The Rights-Managed image licensing system was one of the few perks of being a Getty contributor. It provided photographer some degree of control over how much an image could potentially earn them.
Getty’s longstanding Rights-Managed licence set parameters related to geographic or time-based limitations, exclusivity, number of uses and the specifications, and so on. This allowed photographers to earn a larger fee for certain images. For instance, a high-end studio advertising image could be licensed to an agency with exclusive and perpetual licensing rights, would pay out far more than an ordinary stock photo.

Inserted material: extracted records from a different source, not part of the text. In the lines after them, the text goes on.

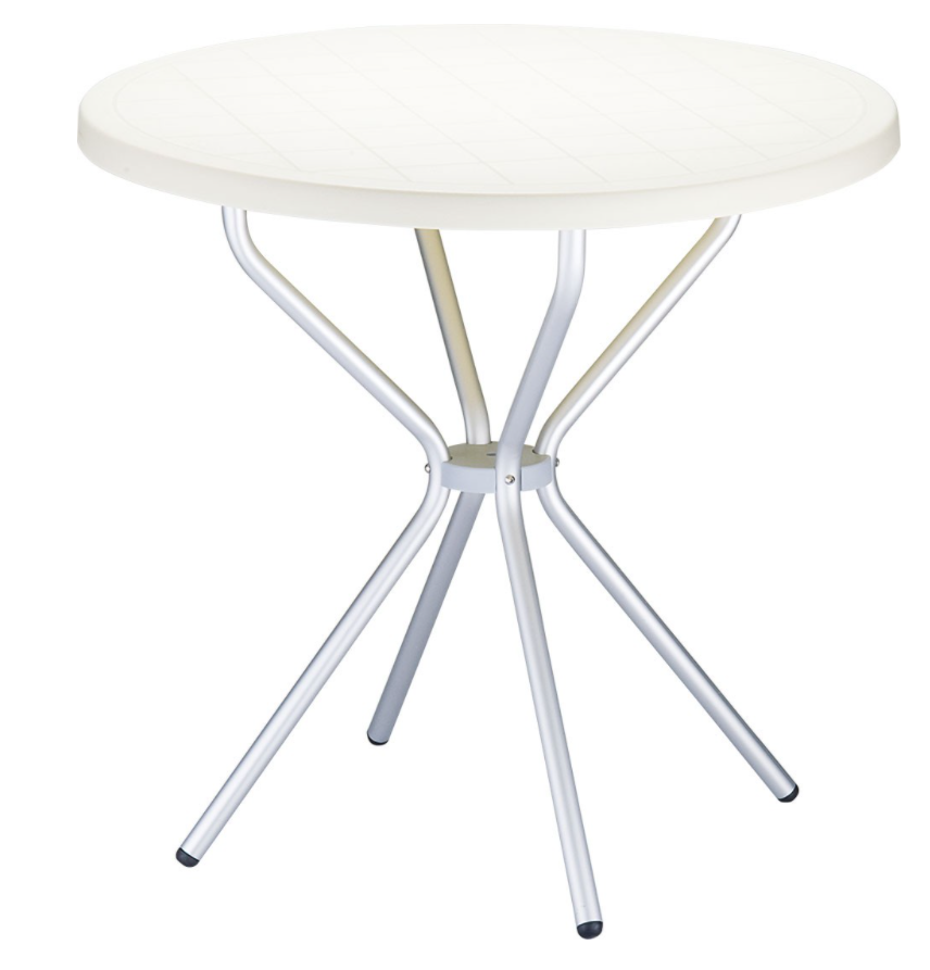 - MAJORQUE-Table plateau diamètre 80 cm en polypropylène recyclable , pieds 25 mm en aluminium anodisé -Finition plateau beige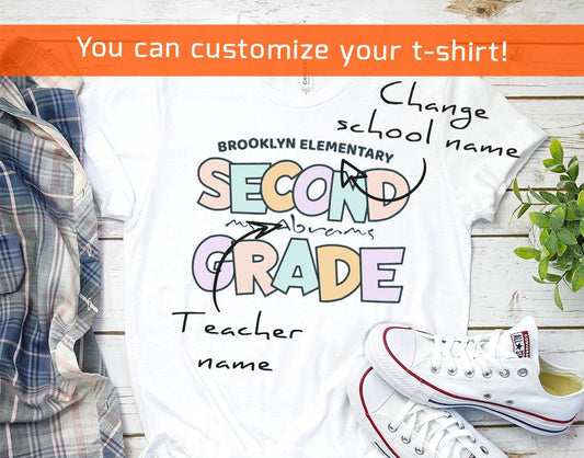 Second Grade Teacher Shirt, 2nd Grade Personalized Teacher and School Name Shirt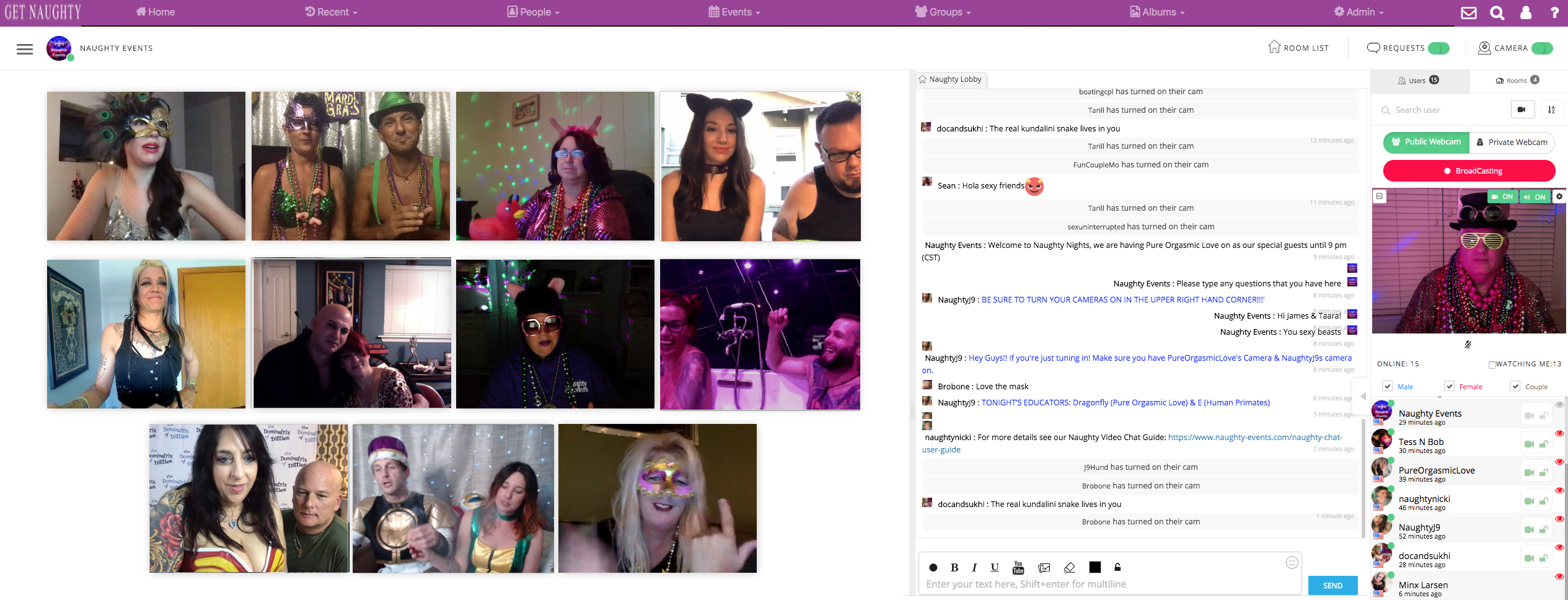 By getting a Naughty Membership, you can see who is actually going to our events and who isn't. Many lifestyle websites allow some of their members to post that they are going, but it is impossible to see who is going on these different websites, you can only see the actual attendees by joining here. For only $10 a month, you can see who's going, check out their profiles, which will tell you where they are from, what they are into and you can see their pictures, but you can also go onto our new chatrooms and video chat with other Naughty Members. It allows you to purchase passes to our Naughty Nights hosted parties and attend free Happy Hour events and Meet & Greets.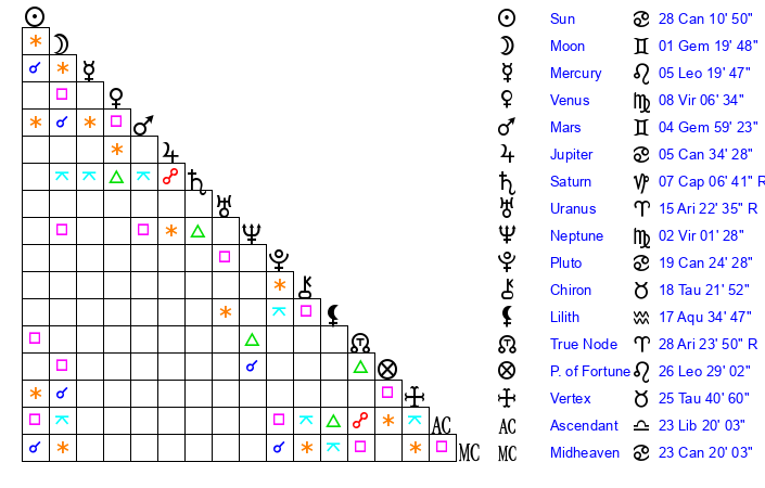 | Moon | 1 Gemini 13 | 18 Gemini 17 | 6 Sagittarius 31 |
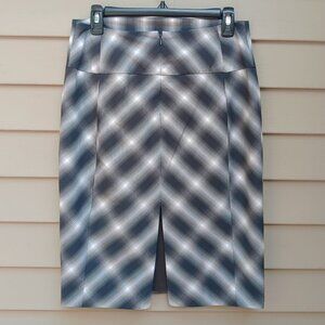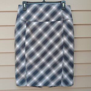 Express Gray Mixed Plaid Skirt Pencil Straight High Waist Workwear Office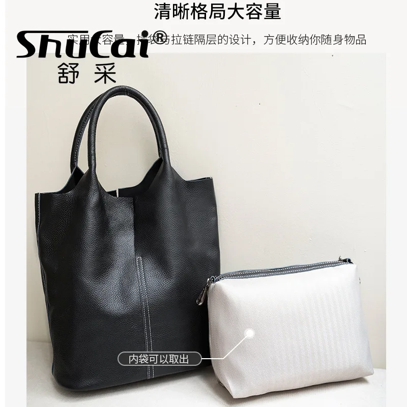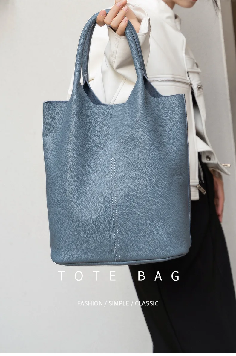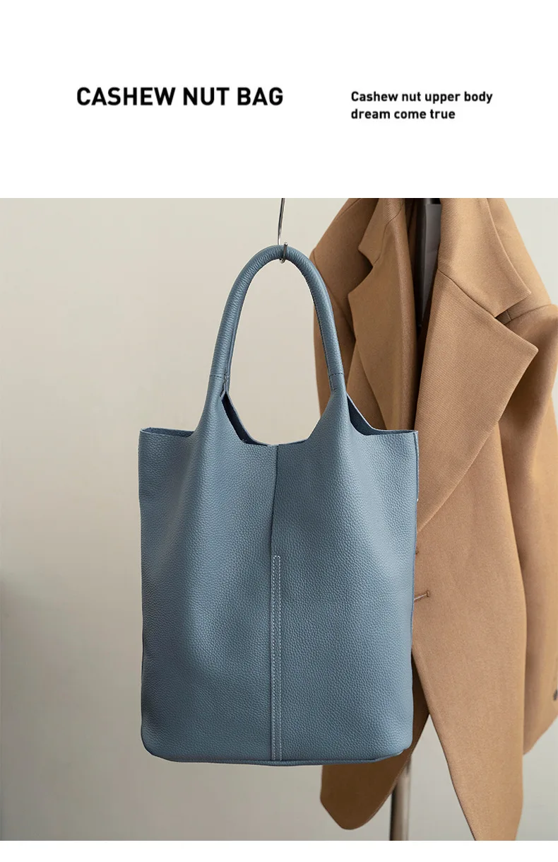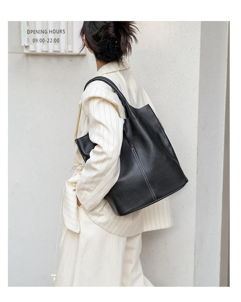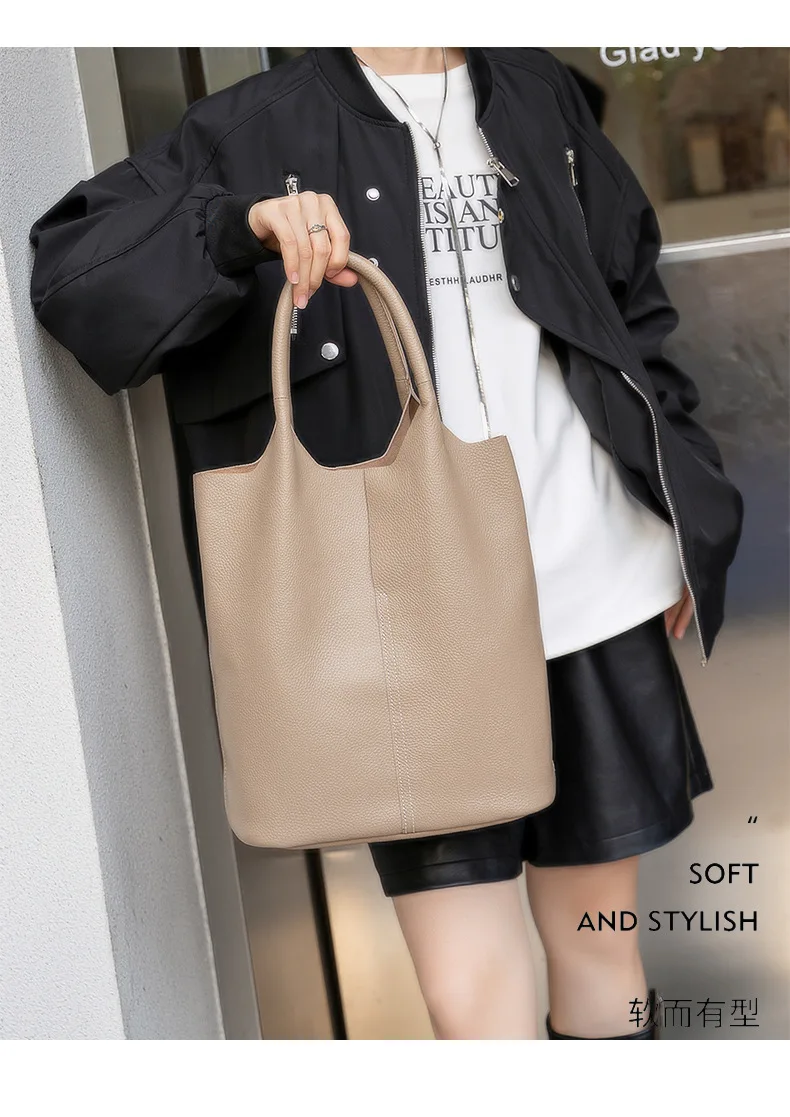 Bolsa de Ombro Feminina Grande, Design Moderno e Casual, Couro Genuíno Macio, Bolsa Estilo Sacola de Grande Capacidade.

The Royalty-Free licence – the microstock industry standard – provides a non-exclusive, unlimited and multiple use grant for an image. In other words, once the customer pays up they can use the image in as many ways as they please. The license is much cheaper because the image is not exclusive, and remains available to other customers.
This arrangement obviously benefits Getty, as they can maximise the number of times an image is licensed, and customers, who will pay less per image.
Getty made the announcement in an e-mail to contributors, informing them that Rights-Managed images will no longer be accepted, and from January 2020 all Rights-Managed images will be removed from the platform. Unless re-submitted under the Royalty Free licence.
‘Over the years, customers’ needs have changed. Complicated licensing models create friction and customers demand simplicity—they want the most simple and most flexible access to relevant, authentic imagery,’ wrote Paul Banwell, senior director of Getty Images Contributor Relations.’
‘Royalty‑free imagery is now the preferred and dominant licensing model for our customers due to the simplicity, value and quality available. Licensing complexity has only led customers to other content, and in many cases, another provider as the broader industry is now essentially an RF‑only model.’
Getty has made this decision after ‘extensive customer research’.
‘We have confidently concluded that the RM creative image licensing model no longer meets our customers’ needs, especially given the flexibility demanded by digital marketing and the increasing reuse of imagery, and it actually reduces our overall competitiveness’.
As observed by other photo media, the e-mail expresses a multitude of benefits to Getty’s future growth and its customers, while failing to highlight anything worthwhile for photographers besides:
‘This will benefit customers and provide an opportunity to grow overall licensing volume and revenue for both Getty Images and our contributors.’